Laurents and Sondheim Join Gypsy Cast Onstage for Final Performance
By Andrew Gans
Two of the creators of Gypsy — Arthur Laurents, who penned the show's libretto and directed the current revival, and Stephen Sondheim, who wrote the lyrics to the late Jule Styne's melodies — were on hand for the Jan. 11 final performance of the latest revival of their classic musical.
Following an emotional performance at the St. James Theatre that featured lengthy entrance applause for most every scene and principal performer — both co-stars Patti LuPone and Laura Benanti were visibly moved by the audience's volcanic reactions to their entrances — Laurents and Sondheim joined the cast onstage.
The sold-out afternoon performance — including dozens who stood in the back of the theatre to watch LuPone's last performance as Rose — was a give-and-take love affair between audience and cast.
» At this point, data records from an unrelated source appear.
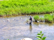 13日の朝、石さん達4人が宿に着いた。「親父も後でくる」と石さんに誘われたので「行くよ」と約束する。Mさん達二人に石さん達がいる場所に親父が行くので、そこを説明したつもりが二人は別の場所に行ってしまった様だ。11時頃に川に着くと2人はいたが石さんとTさんの姿が見えない。釣果を聞くと「渋いよ」の返事。支度をして親父も竿を出すとすぐに釣れる。その後3匹釣って、際を釣ろうとしてしていると石さんとTさんが戻ってきた。「釣れた」と聞くと「あんまり釣れねぇ」と答えて川から上がって昼食に入る。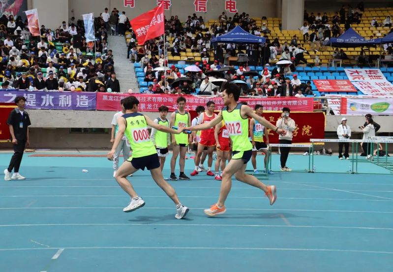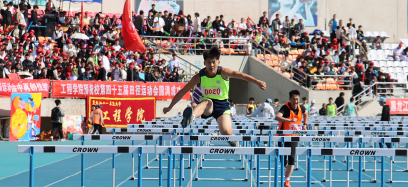 闫旭同学在校运会男子110米跨栏中取得第五名的佳绩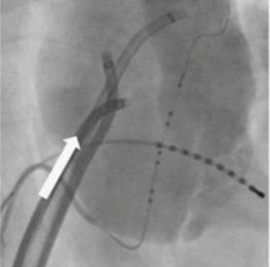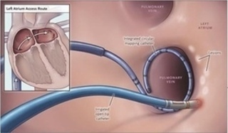 治療用の特殊な電極カテーテルを不整脈の原因となっている組織に密着させ、その先端に高周波を流し、50から60℃に熱します。心臓の筋肉が薄い部分では痛みを感じることがあります。患者によって異なりますが、治療の所要時間はおよそ数時間で入院期間は3泊4日です。一回の手術で7から8割の確率で心房細動が根治し、生涯にわたって心房細動から解放されるといわれています。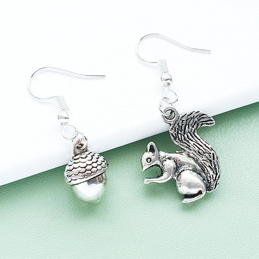Squirrel and Acorn Earrings - Silver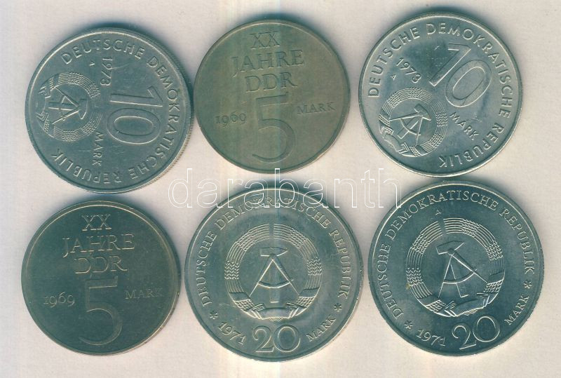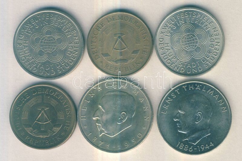NDK 1969-1973. 5M (2x), 10M (2x), 20M (2x)"Ernst Thälman" + "Heinrich ... https://www.darabanth.com/de/151-Fernauktion/151.0/Numismatik/Auslandische-Munzen~500156/NDK-1969-1973-5M-2x-10M-2x-20M-2xErnst-Thalman-plus-Heinrich-Mann-T2-2plus---GDR-1969-1973~II453765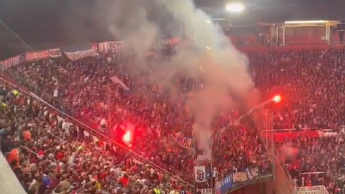 Desde la tribuna en la que estaban los hinchas de Nacional se encederon bengalas y fuegos artificiales que, en un principio, formaban parte de la fiesta.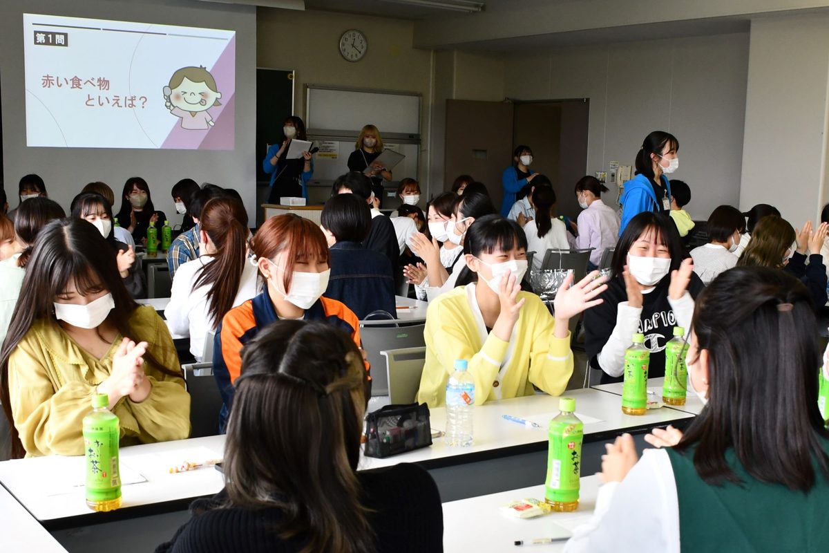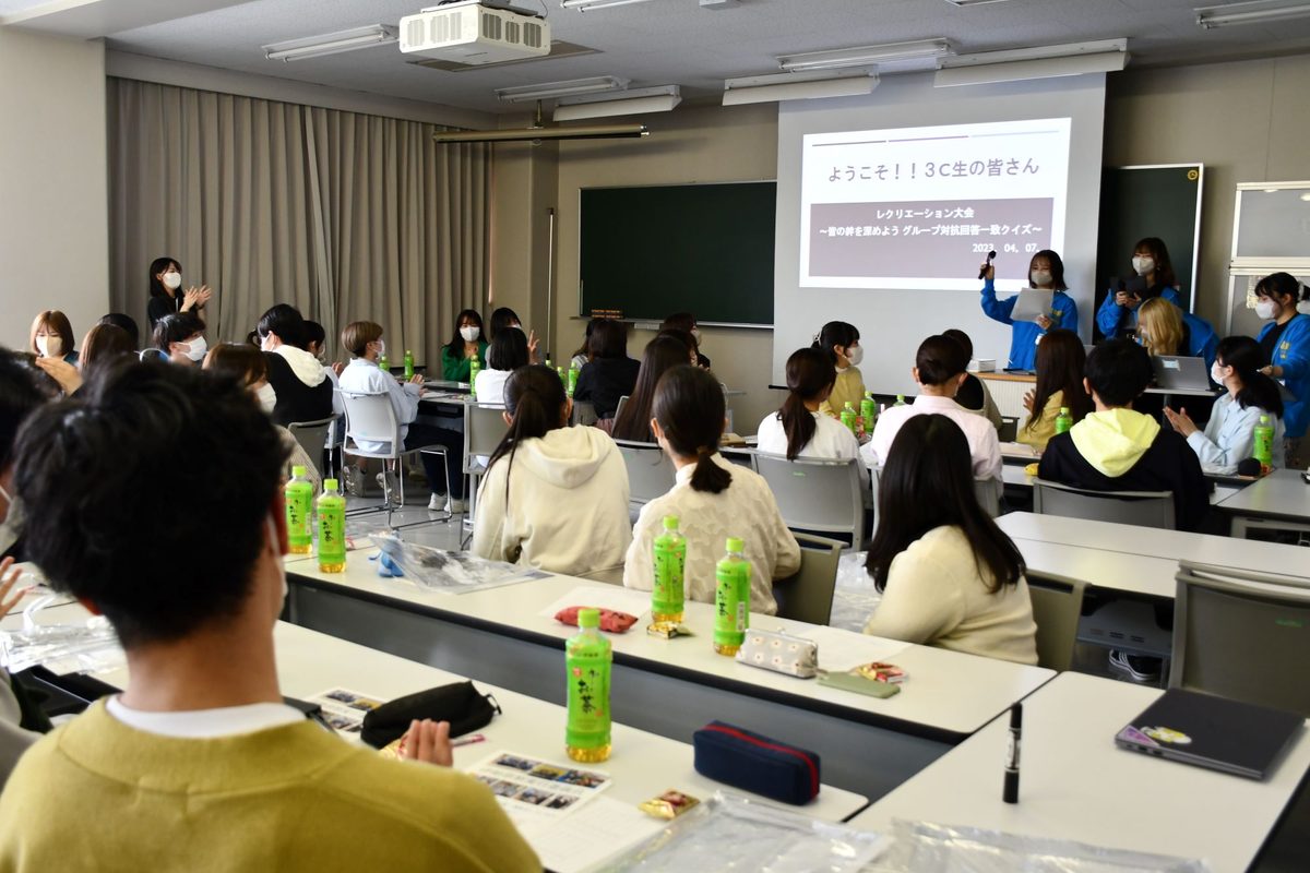 中心になって企画した3年次生の佐藤千爽さんは、「新型コロナウイルス感染症染対策に留意しながら、新入生同士や先輩、先生方とできるだけ親しく語り合い、楽しんでもらえるイベントにしたいと考えました。同じ学科で学ぶ仲間として学年を超えて交流を深め、共に充実した学生生活を過ごせるよう努めたい」とコメント。新入生は、「履修登録や試験、課題提出の際に気をつける点などを詳しく説明してもらったり、実習で着るユニフォームを見せてもらったりして、“いよいよ看護学生として学ぶ日々が始まる”という実感が沸きました」「クイズが楽しくて盛り上がり、友達がたくさんできました。企画してくださった先輩たちに感謝します」と笑顔を見せていました。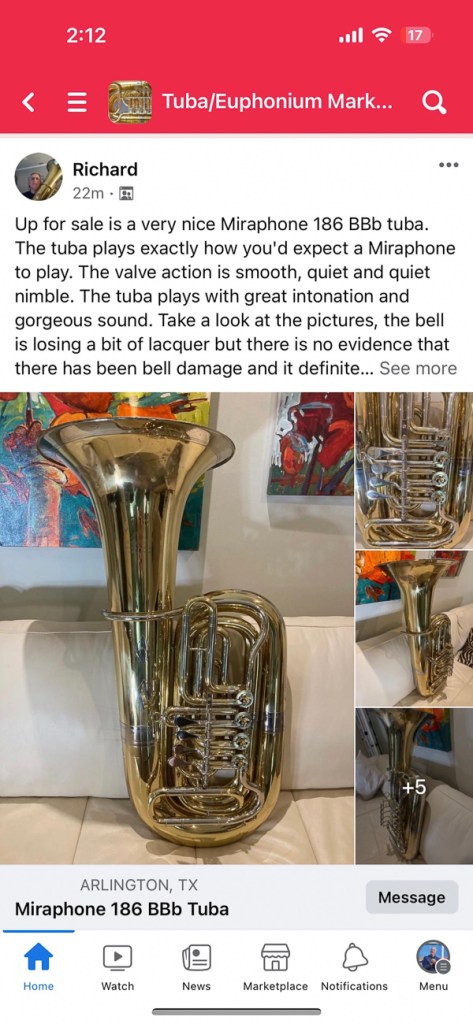 Like I said, we have been looking for a used tuba for about a year, and specifically for a Miraphone 186. I joined a “Tuba Resale” Facebook group and had made a couple of offers that didn’t go through. Mr. Freed had also been looking for us and Sunday morning he sent me a link to one that was just posted. It looked perfect!
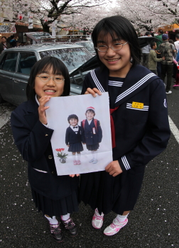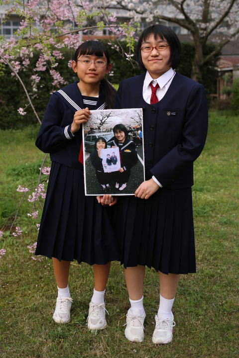 | 幼稚園の時から始めた矯正が、永久歯が 全部生えそろって中学生になりました。 右が長女の綾、左が次女の舞 |

There were several times the audience erupted into thunderous applause, most notably after LuPone's dazzling "Rose's Turn." The applause lasted so long — with some in the crowd yelling, "We love you Patti" and "You're a national treasure" — that the Tony-winning actress finally gestured for the crowd to let her and Benanti finish the scene.
When LuPone took her final bow, dozens of single roses were tossed to the stage, and she proceeded to pick up the flowers and distribute a single rose to each and every member of the cast. After she brought out Laurents and Sondheim to much applause, LuPone said, "Two of the creative staff are no longer with us, and we must acknowledge them — Jule Styne and [choreographer] Jerome Robbins."
More applause followed, and LuPone offered a simple, brief speech, stating, "This experience in this theatre has been blessed by the theatre gods. . . . The crew, the front of house, and our wardrobe and everybody in this show . . . it's a rare experience that was led by Arthur with love, for which we are eternally grateful. I think I've never worked with a more dedicated, more committed, more lovely group of people who call themselves theatricals . . . and I am incredibly grateful … This is not goodbye, this is simply fare thee well."
Although there had been talk of recording the final performance, there were no cameras present. That said, anyone lucky enough to have attended the last performance will not soon forget the experience.